Beer. I like beer. Probably because I'm Irish, more likely because I have an addictive personality.
Whatever.
i recently drank a "beer" that destroyed the love affair, Pyramid Brewery's Apricot Ale. Here is the text of the e-mail I sent them earlier tnioght:
Dear Sirs and Madams of the Pyramid Brewery,
I bought a sixer of your Thunderhead IPA (excellent, by the way, preserving the floral nature
of the hops while giving the beer a kick without bitterness) and didn't notice in the course of the
night that a single bottle of your Apricot Ale was hidden amongst the delicious IPA. While there
were three of us, I managed to lose our Irish Roulette, and ended up with your bottle of Apricot Ale.
I never looked at the label on the beer when it was passed to me, and, as I always do, I took a big,
long swig of the beer.
Baby vomit, rotten fruit, a graveyard's armpit.

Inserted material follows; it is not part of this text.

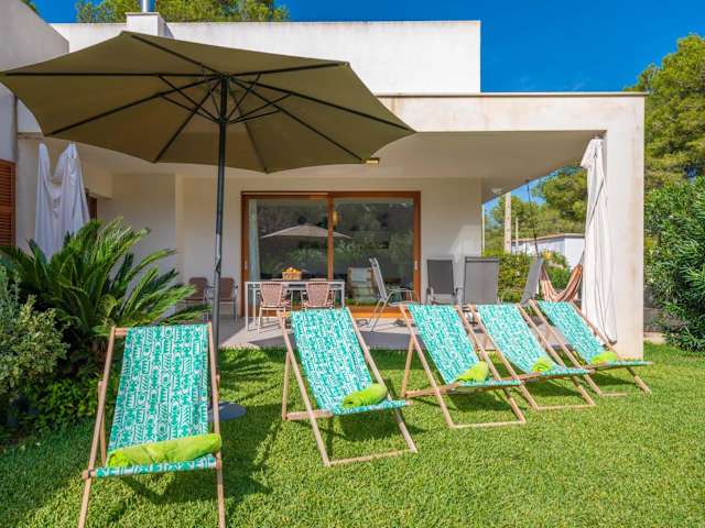 Das Ferienhaus mit Klimaanlage besteht aus 3 Schlafzimmern, einem heimeligen Wohnzimmer und einer voll ausgestatteten Küche mit Kühlschrank und Kaffeemaschine. Es bietet 2 Badezimmer mit Dusche und Haartrockner. Handtücher und Bettwäsche werden bereitgestellt.

All of those things would have been preferable
to what I tasted when I drank that insidiously long sip. It tastes like an apricot orchard in a graveyard
got left to rot in 100 degree weather while goats urinated on the fallen fruit before you guys picked it
up and made beer out of it.
I can still taste it on my tongue, and I drank it three days ago.
Sincerely,
Brendan McMannis
Yes, it is that bad.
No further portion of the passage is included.